Recent figures as a decisive confidence indicator or the latest PMI data suggest that growth may have already bottomed out and that a slow recovery is on the way, helped by generous government support and a mild winter that has limited energy use.
However, the overall picture remains weak with modest growth forecasts for 2023 due to a large decline in real incomes and rising interest rates.
“The headline GDP figure gives a misleadingly favorable impression of economic conditions at the end of 2022,” said Ken Wattret, analyst at S&P Global Market Intelligence.
“The key takeaway from the member states’ data is the breadth of the weakness in private consumption, with the acute pressure on household real incomes due to rising inflation delayed.”
Ireland’s 3.5% fourth-quarter growth figure distorted the overall picture as it was largely driven by activity among large foreign companies based there for tax reasons, economists said, adding that without Ireland, eurozone growth would have been zero.
The ECB has raised interest rates by a combined 2.5 percentage points to 2% since July to tame inflation, and markets see another 1.5 percentage point hikes by mid-year, which would take the deposit rate to its highest level since the turn of the century .

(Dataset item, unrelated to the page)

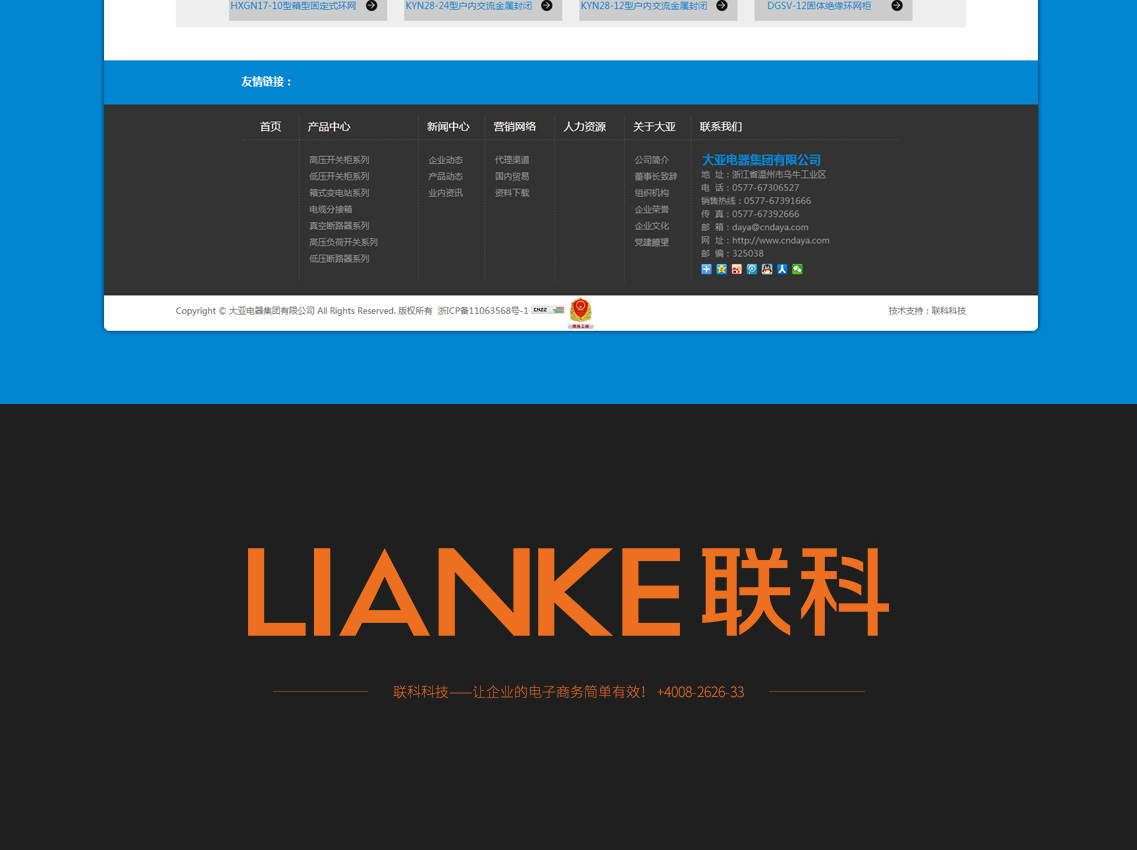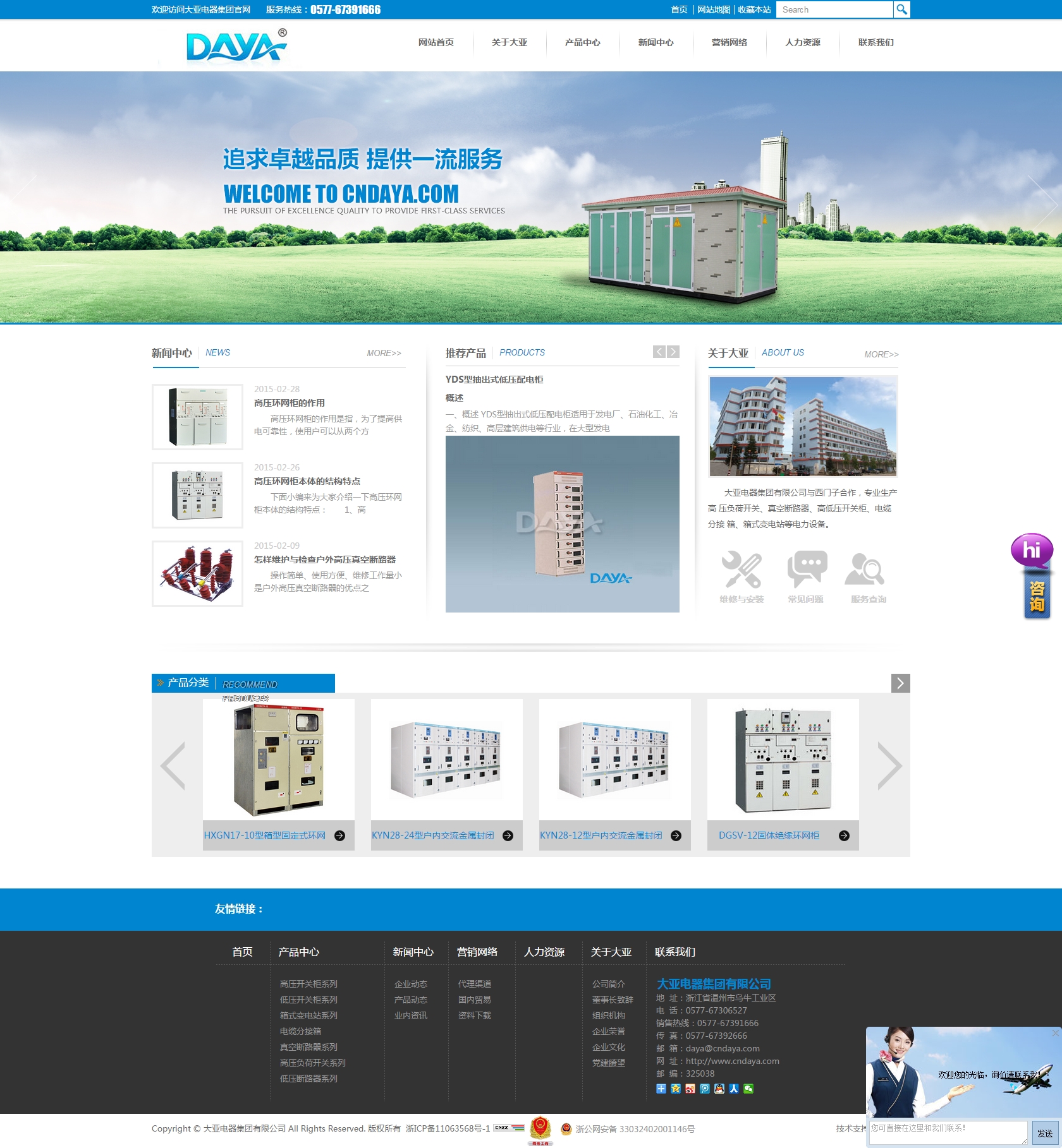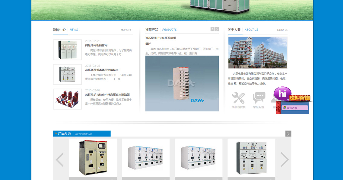 大亞電器集團有限公司(前身浙江大亞電 器設備廠)創(chuàng)辦于一九八八年,八九年和上海電器 科學研究所技術合作。九零年榮獲原機械工業(yè)部、 電力工業(yè)部生產(chǎn)高低壓開關成套設備定點企業(yè)、國 家經(jīng)貿(mào)委兩網(wǎng)改造推薦產(chǎn)品企業(yè)。2016年與西班牙西蒙電力科技有限公司中外合資組成更強大的集團公司。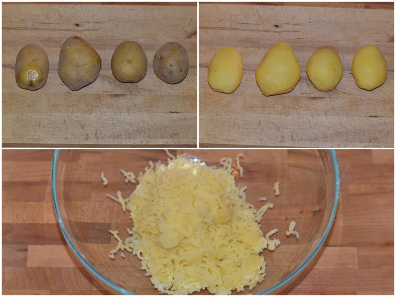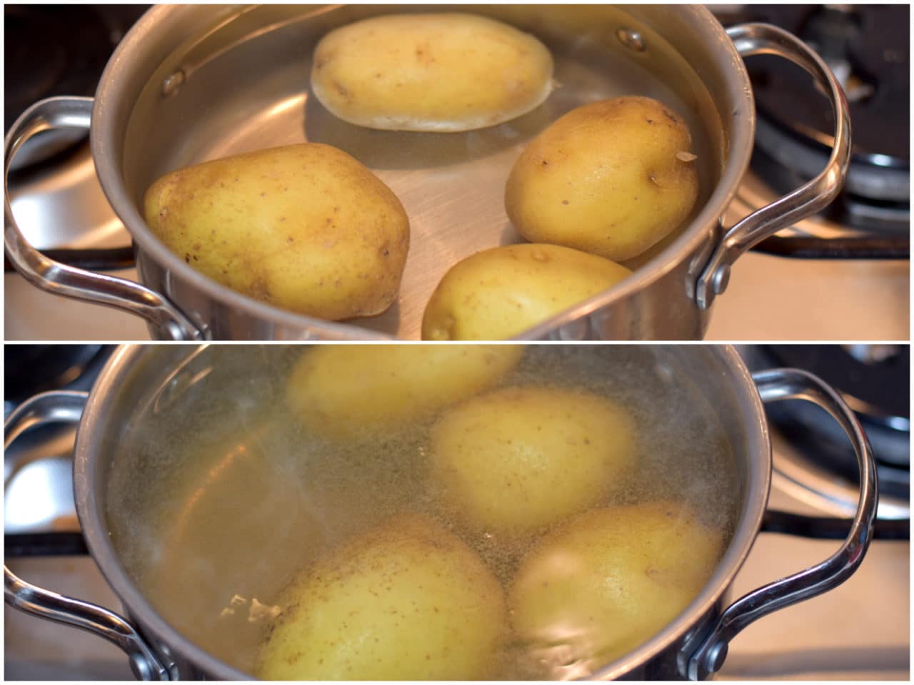Innanzitutto lavate bene le patate e lessatele per circa 35 minuti o finché non risulteranno ben cotte (i rebbi di una forchetta devono poter entrare e uscire facilmente).

Such a rapid rise puts one brake on bank lendingan important source of credit for businesses, and access to loans has already suffered biggest drop last quarter since the bloc’s debt crisis in 2011.
“In the coming months, the noticeable tightening of monetary policy will increasingly slow the economy,” Commerzbank economist Christoph Weil said.
“We continue to expect the euro area economy to contract slightly in the first half of the year and the expected recovery in the second half is likely to be weak.”